ASSIGNMENT
From the records below, print only the part that opens with the line containing "ولی اگه شما" and closes with the line containing "Leone sostenuto da"; omit the pictures.

RECORDS
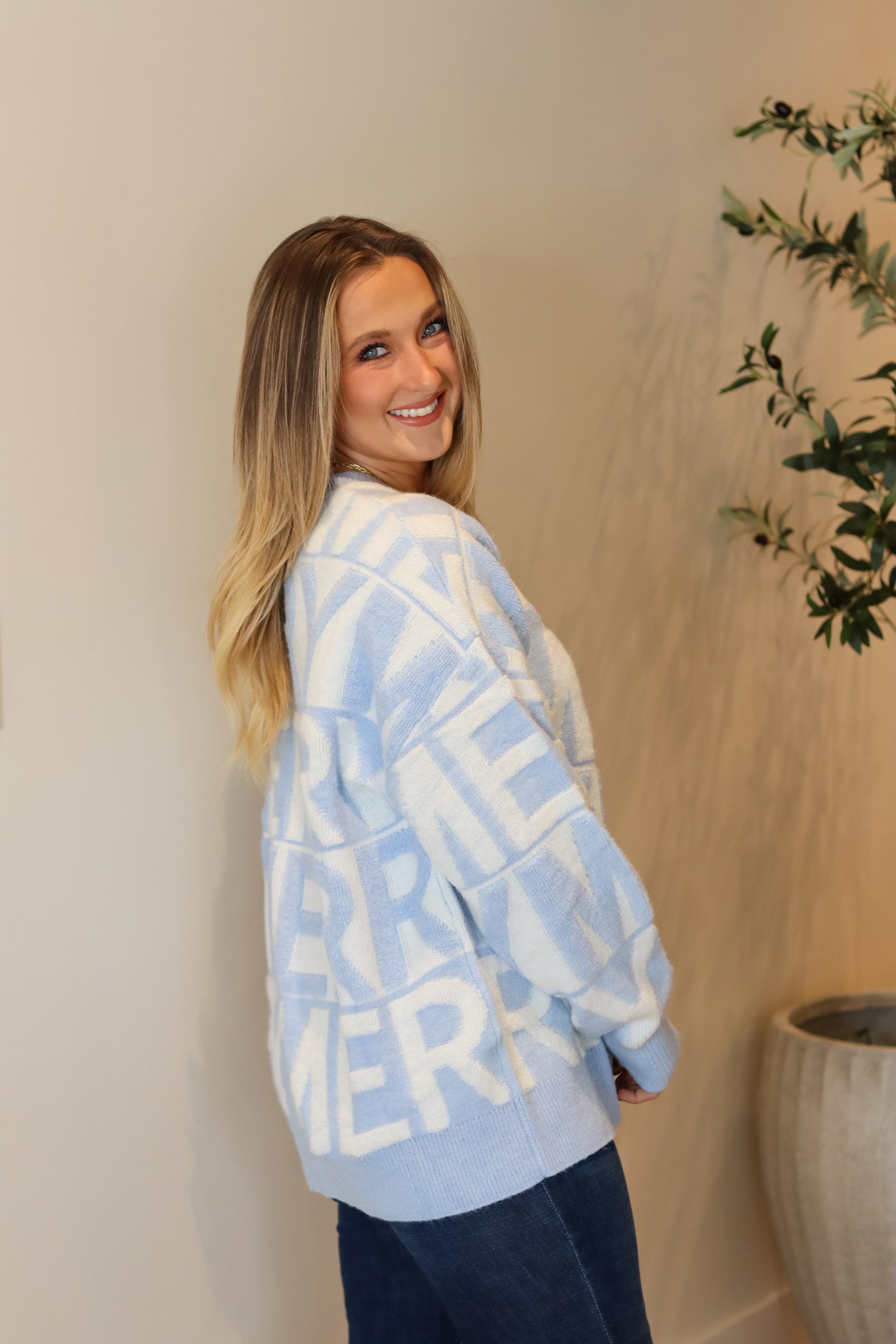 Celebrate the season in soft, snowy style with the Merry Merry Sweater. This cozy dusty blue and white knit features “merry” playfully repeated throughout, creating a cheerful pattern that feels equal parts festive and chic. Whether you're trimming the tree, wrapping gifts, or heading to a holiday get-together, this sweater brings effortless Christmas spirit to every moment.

* * *

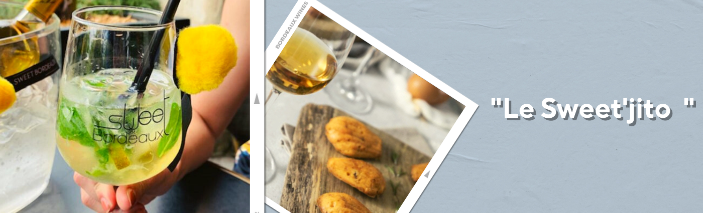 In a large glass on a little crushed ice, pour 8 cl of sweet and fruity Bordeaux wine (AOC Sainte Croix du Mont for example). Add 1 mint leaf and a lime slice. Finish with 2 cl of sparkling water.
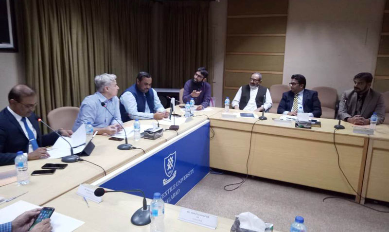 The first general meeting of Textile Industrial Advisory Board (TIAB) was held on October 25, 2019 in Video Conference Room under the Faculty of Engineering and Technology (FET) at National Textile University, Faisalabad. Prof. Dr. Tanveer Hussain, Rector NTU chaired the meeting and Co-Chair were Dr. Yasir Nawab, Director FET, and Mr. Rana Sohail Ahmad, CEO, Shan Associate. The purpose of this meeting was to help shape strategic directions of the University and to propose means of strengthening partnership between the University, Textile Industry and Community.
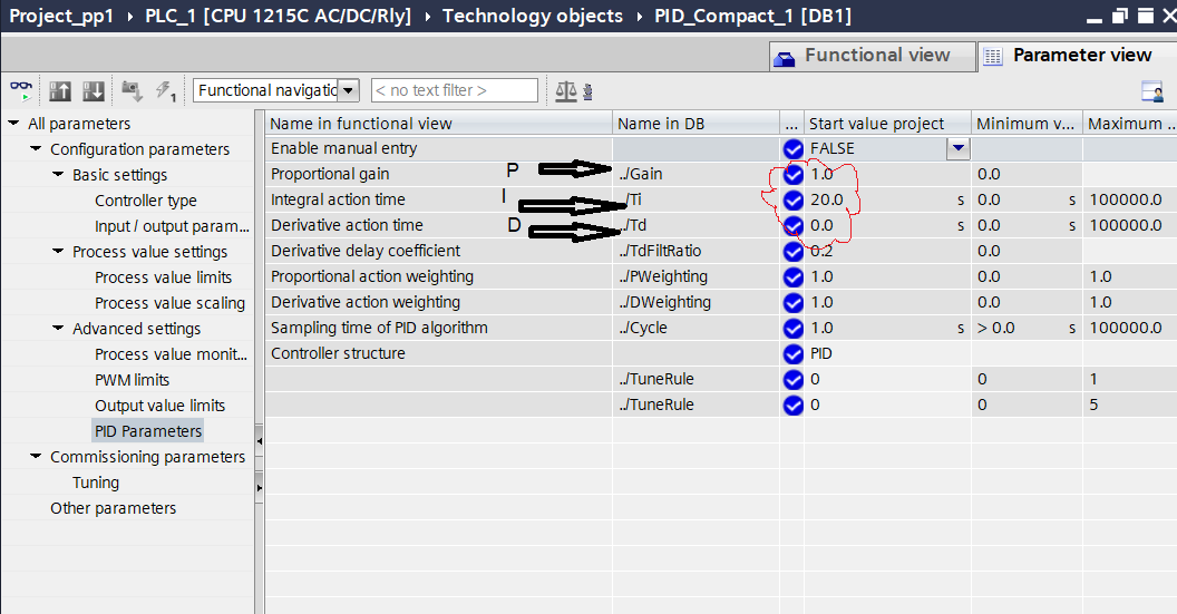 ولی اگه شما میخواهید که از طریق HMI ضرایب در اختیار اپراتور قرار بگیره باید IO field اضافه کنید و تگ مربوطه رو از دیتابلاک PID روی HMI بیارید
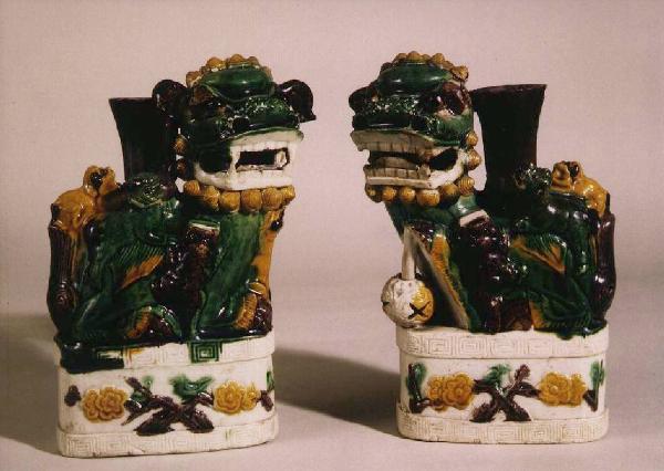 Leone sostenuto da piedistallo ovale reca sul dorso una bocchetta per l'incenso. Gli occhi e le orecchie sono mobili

RESULT FOR THIS EXERCISE
 ولی اگه شما میخواهید که از طریق HMI ضرایب در اختیار اپراتور قرار بگیره باید IO field اضافه کنید و تگ مربوطه رو از دیتابلاک PID روی HMI بیارید
 Leone sostenuto da piedistallo ovale reca sul dorso una bocchetta per l'incenso. Gli occhi e le orecchie sono mobili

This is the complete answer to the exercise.